Previously, the Regional Partnerships newsletter has covered the Council’s commitment to youth development and to supporting its grant partners through these multi-year grants. Now that the Council is halfway through its five-year grant term, salient lessons have emerged, revealing the immense value and opportunities for engagement afforded by a multi-year grant making strategy from a funder’s perspective.

From the outset, the High Country Regional Council recognized the opportunity for greater impact through making long-term commitments to nonprofits. According to Regional Trustee Dave Palenchar, “the additional security of future years of funding provides the nonprofit the opportunity to spend more strategic time on mission engagement and allows it to better address and adapt to the changing challenges it will likely face while pursuing its programmatic objectives over several years.”

For the Council, long-term investment in select grant partners creates a framework for more robust relationships and targeted support. Without the need for annual funding decisions, councils with multi-year grants can direct their energy toward continuous engagement with their grant partners’ operations. Palenchar shares that for the High Country Regional Council, this has meant “staying on top of any leadership turnover and remaining aware of the nonprofit’s ability to continue to implement the goals and purposes of the multi-year grant.”

Over the past two and a half years, the High Country Regional Council has remained flexible in order to best support its grant partners—both through grant dollars as well as organizational support. In 2021, through ongoing conversations with its grant partners, the Council learned about the tremendous toll the pandemic had on the staff at each of the five organizations. In response, the Council recommended additional grants to each of its grant partners for the broad purpose of “staff well-being,” allowing the organizations to creatively use the funds to boost the morale and sustainability of their staff. The Council has also worked closely with its grant partners to offer flexibility around existing grant dollars, making adjustments to the explicit grant terms when needed to support organizations in adapting to changing needs and circumstances.

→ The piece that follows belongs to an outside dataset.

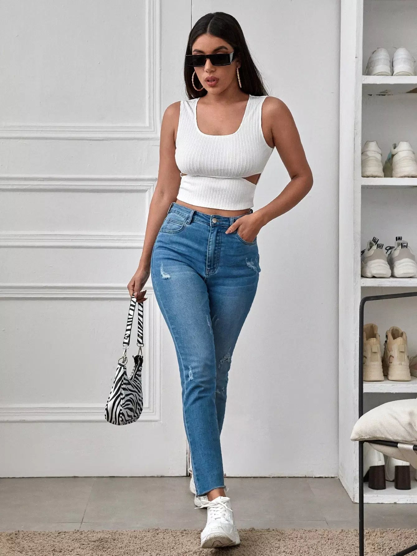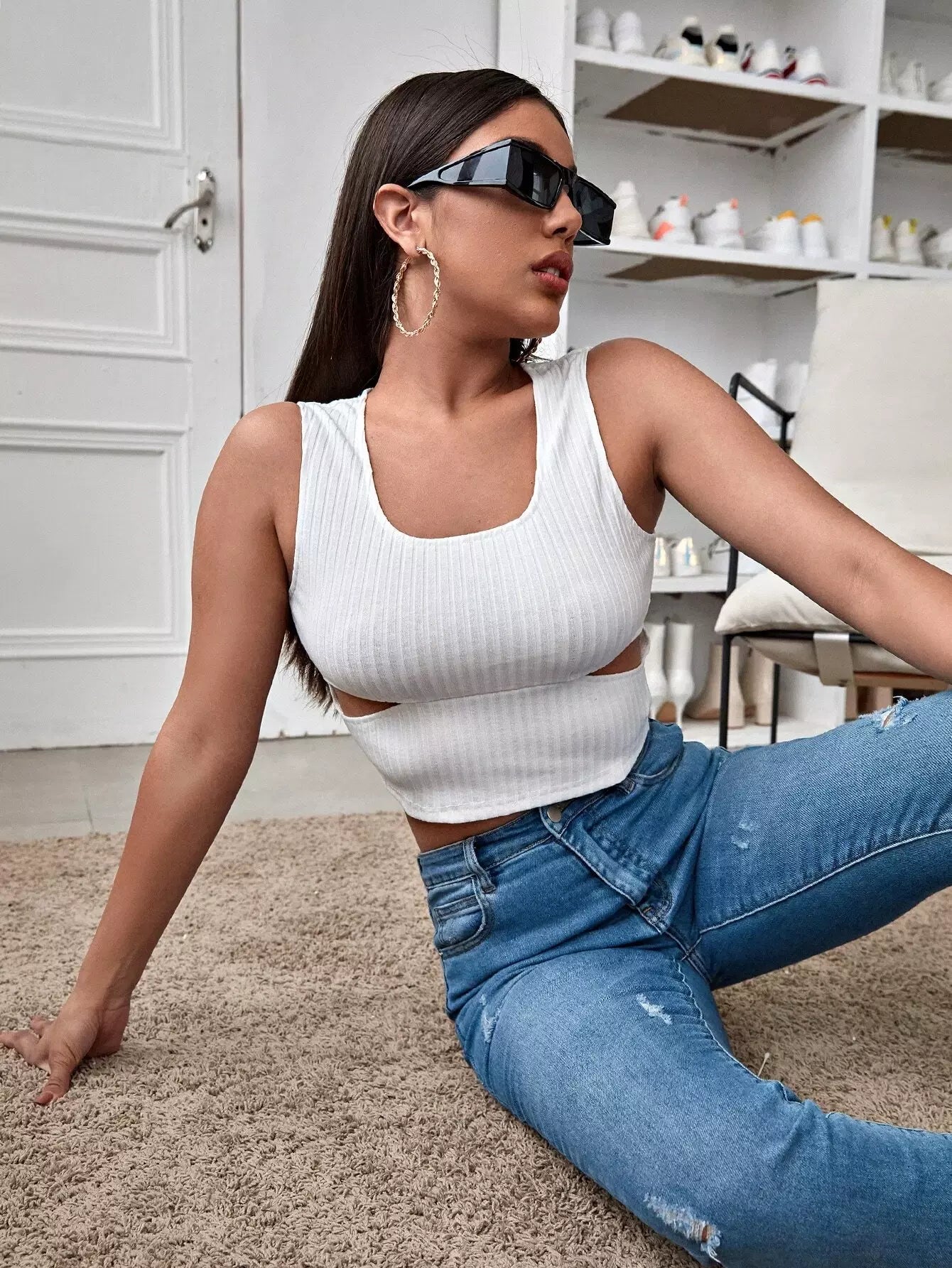 Cut Out Rib-knit Tank Top

Entering the second half of its multi-year grant term, the High Country Regional Council is focused on supporting its grant partners through the conclusion of the grants. When structuring its multi-year grants, the Council built in match requirements – requiring a certain percentage of the remaining grant funds to be matched by dollars from another funding source – for the final two years as a way to promote the organizations’ sustainability after the conclusion of the Council’s grant. At this point, the Council is considering the best ways to support its grant partners in strategically planning for the future as we approach the final two years of funding.

Responding to grant partners’ shifting circumstances, needs and priorities over several years is typically not feasible or practical for single-term grants. The High Country Regional Council, however, has appreciated the opportunity to engage with its grant partners over a multi-year period and offer sustained support, while balancing Council engagement with grantee autonomy.  The Council is honored to support its grant partners in their important work with at-risk youth, and it is grateful for the lessons learned thus far through these partnerships.